## Collected material
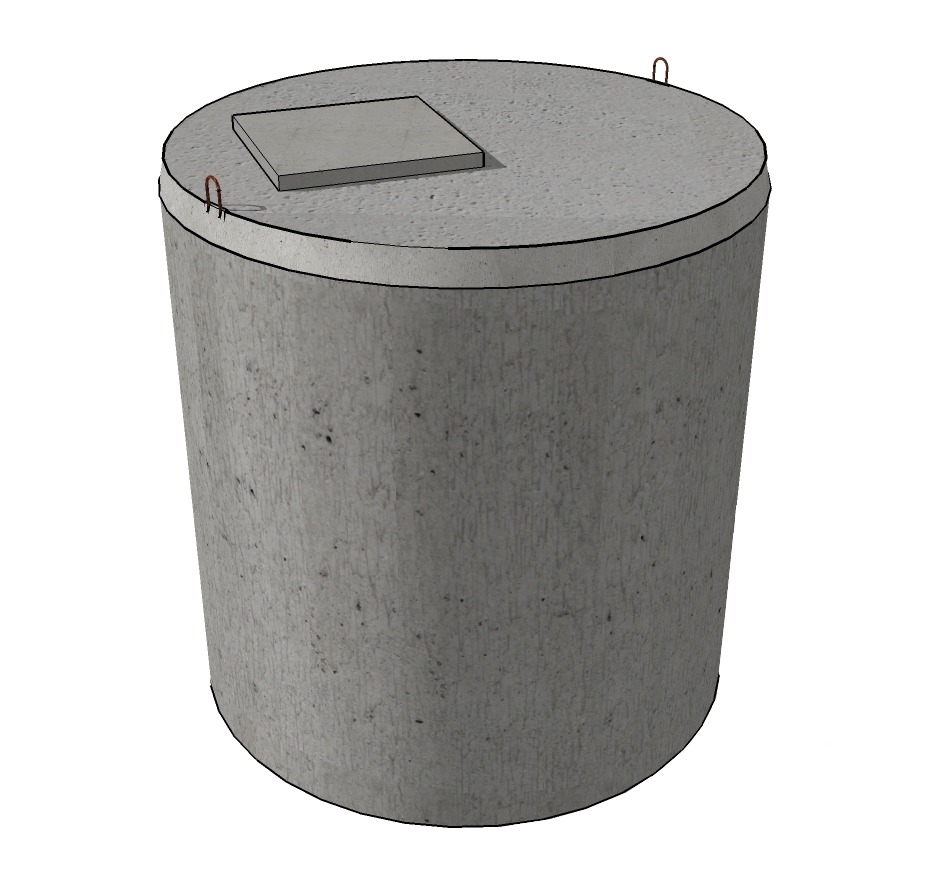 Citerne d'eau pluviale en béton Remacle avec ouverture de trappe ronde Ø50 cm. La citerne est équipée d'un raccord d'entrée et de sortie standard (voir fiche technique)
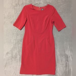 Vince Camuto Woman's Shift Dress Pink Pockets Gold Zipper Size 8 Lined
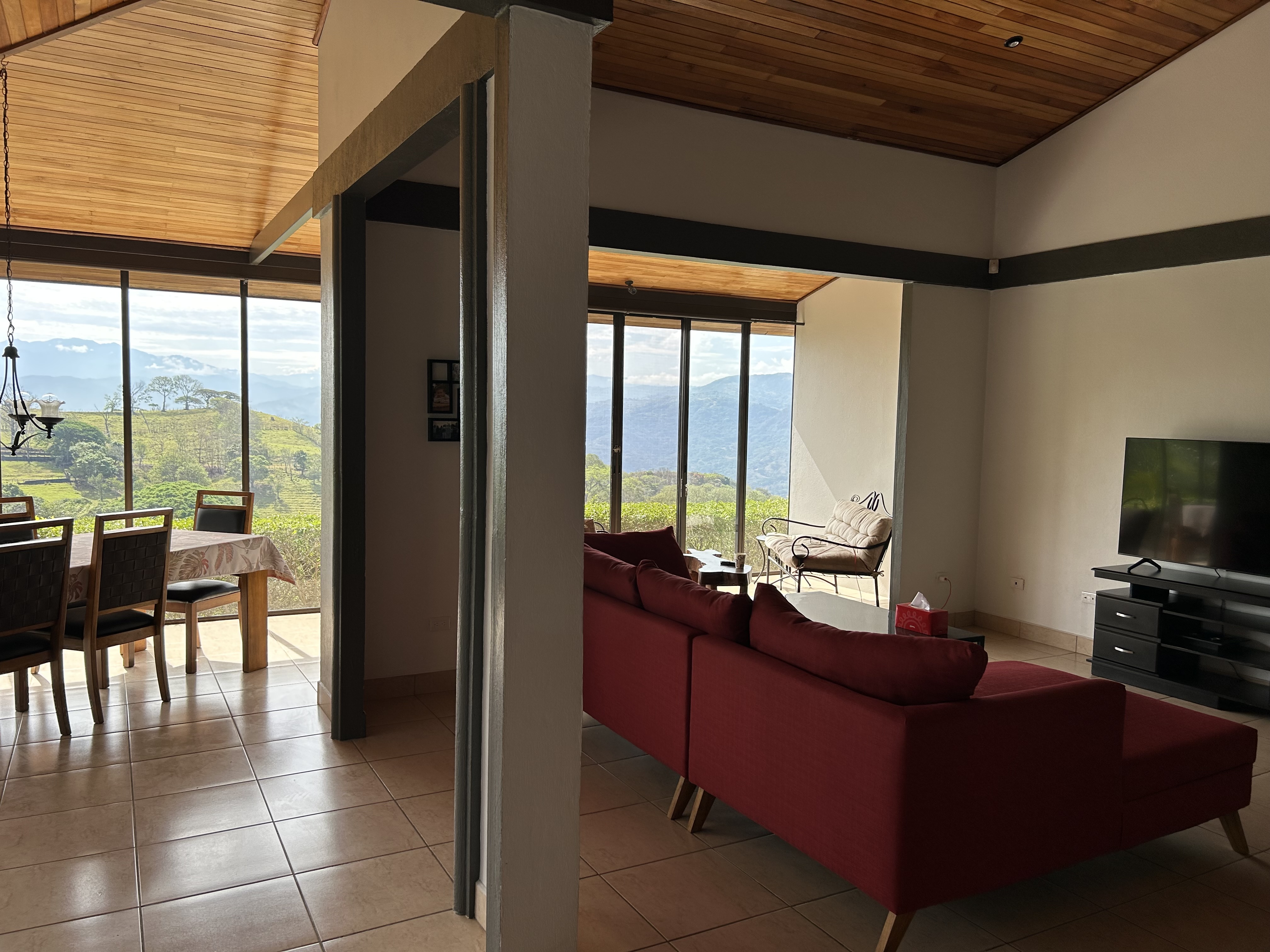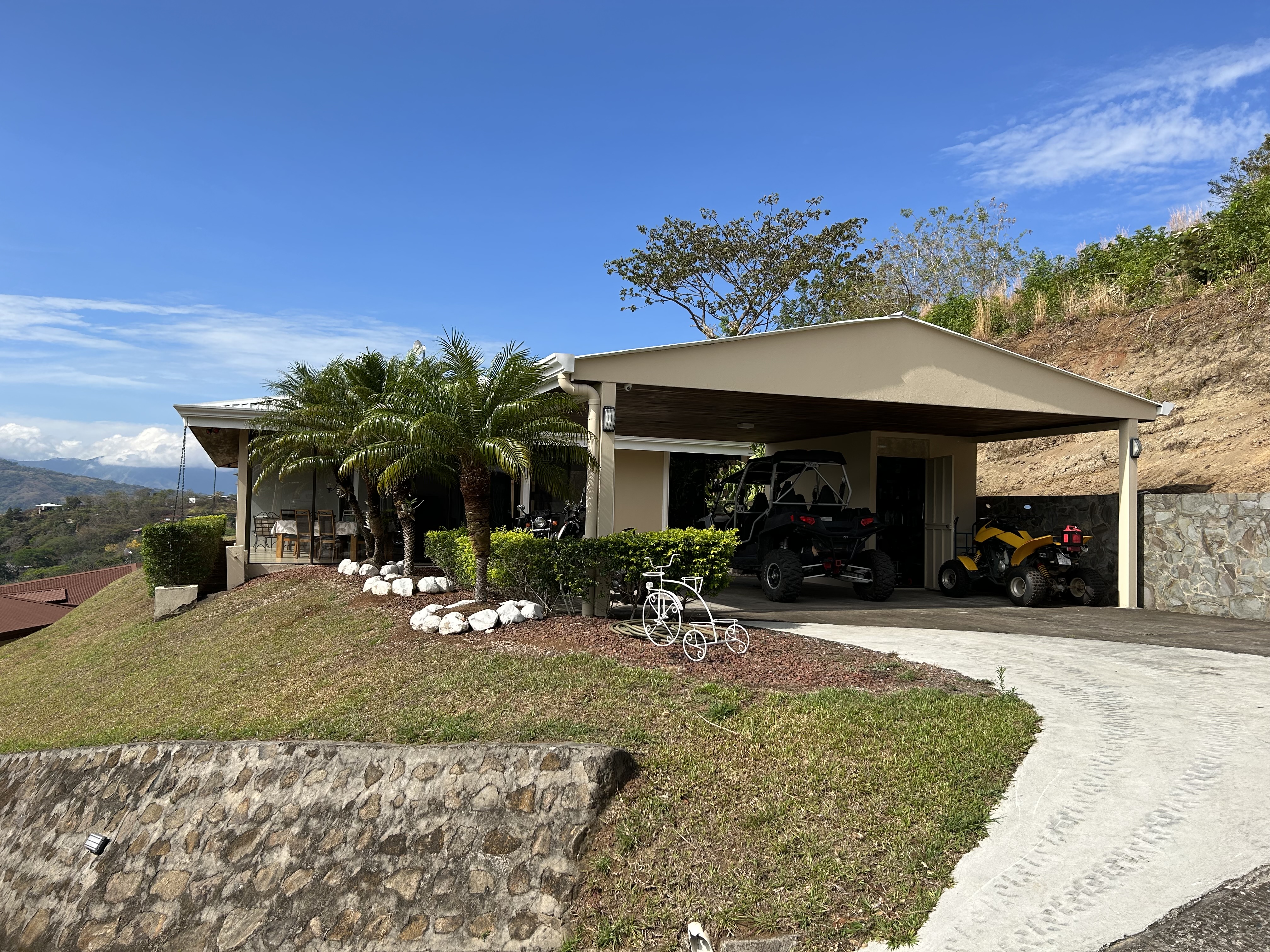 Great House plus Guest House in Escobal This is a real bargain; we have two houses: One main 2260 SQFT with 3 bedrooms and 2 bathrooms and a guest house 810 SQFT with 2 bedrooms and a bathroom. Both houses fully equipped and fully furnished. The main house can host 3 cars and the guest house at least 2. The complete property is behind an electrical gate. The views from both houses over the mountains are totally breath taking. Water, electricity and Internet fully available and functional. The cherry on the cake or la crème de la creme, we have a community pool and an equipped pool house inclusive at zero HOAs! Located near Atenas (15 min), in Escobal, half an hour to the San Jose international airport, in a peaceful environment. Do not hesitate to contact me for further information or let me know if you wish to schedule a visit.
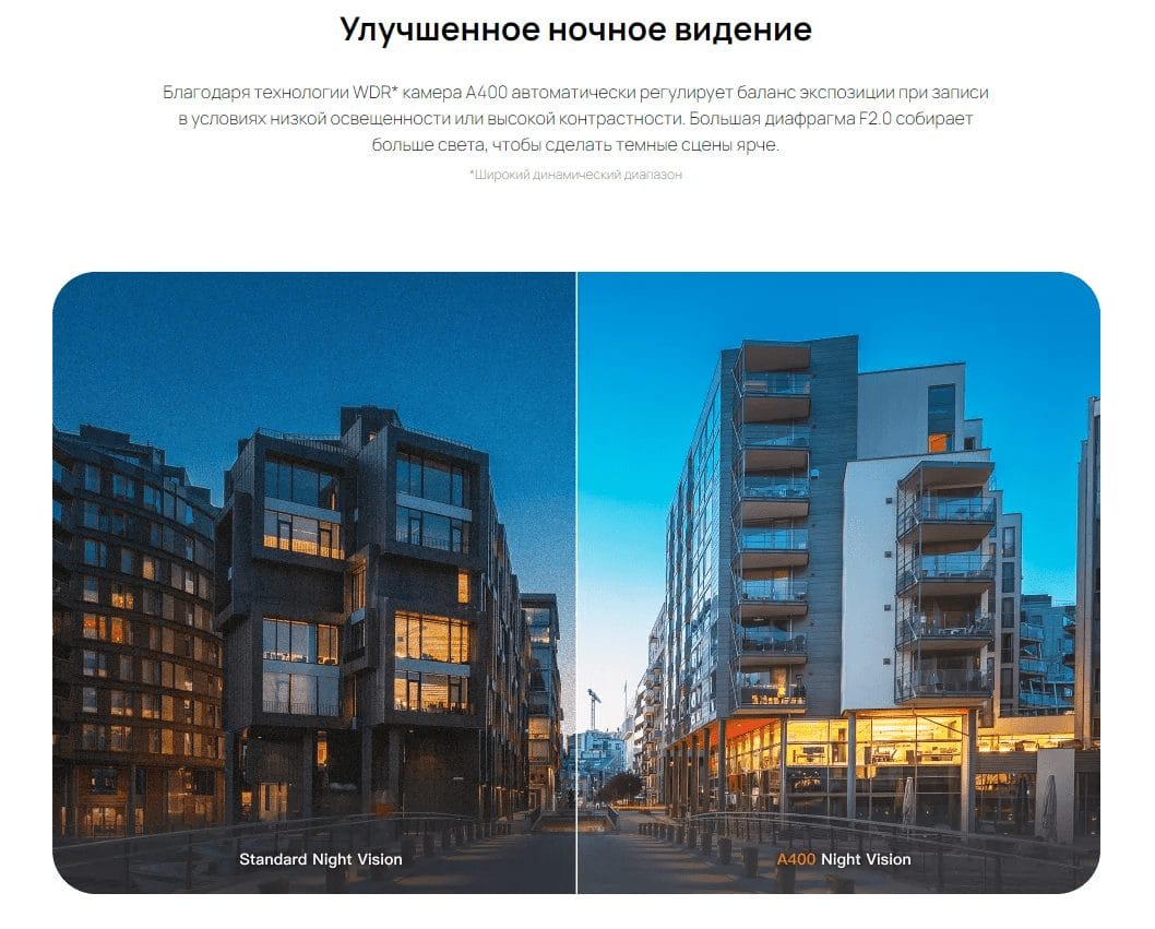Благодаря технологии WDR* камера A400 автоматически регулирует баланс экспозиции при записи в условиях низкой освещенности или высокой контрастности. Большая диафрагма F2.0 собирает больше света, чтобы сделать темные сцены ярче.

## Activity
Reproduce the whole listing above word for word, dropping each image.

## Response below
 Citerne d'eau pluviale en béton Remacle avec ouverture de trappe ronde Ø50 cm. La citerne est équipée d'un raccord d'entrée et de sortie standard (voir fiche technique)
 Vince Camuto Woman's Shift Dress Pink Pockets Gold Zipper Size 8 Lined
 Great House plus Guest House in Escobal This is a real bargain; we have two houses: One main 2260 SQFT with 3 bedrooms and 2 bathrooms and a guest house 810 SQFT with 2 bedrooms and a bathroom. Both houses fully equipped and fully furnished. The main house can host 3 cars and the guest house at least 2. The complete property is behind an electrical gate. The views from both houses over the mountains are totally breath taking. Water, electricity and Internet fully available and functional. The cherry on the cake or la crème de la creme, we have a community pool and an equipped pool house inclusive at zero HOAs! Located near Atenas (15 min), in Escobal, half an hour to the San Jose international airport, in a peaceful environment. Do not hesitate to contact me for further information or let me know if you wish to schedule a visit.
Благодаря технологии WDR* камера A400 автоматически регулирует баланс экспозиции при записи в условиях низкой освещенности или высокой контрастности. Большая диафрагма F2.0 собирает больше света, чтобы сделать темные сцены ярче.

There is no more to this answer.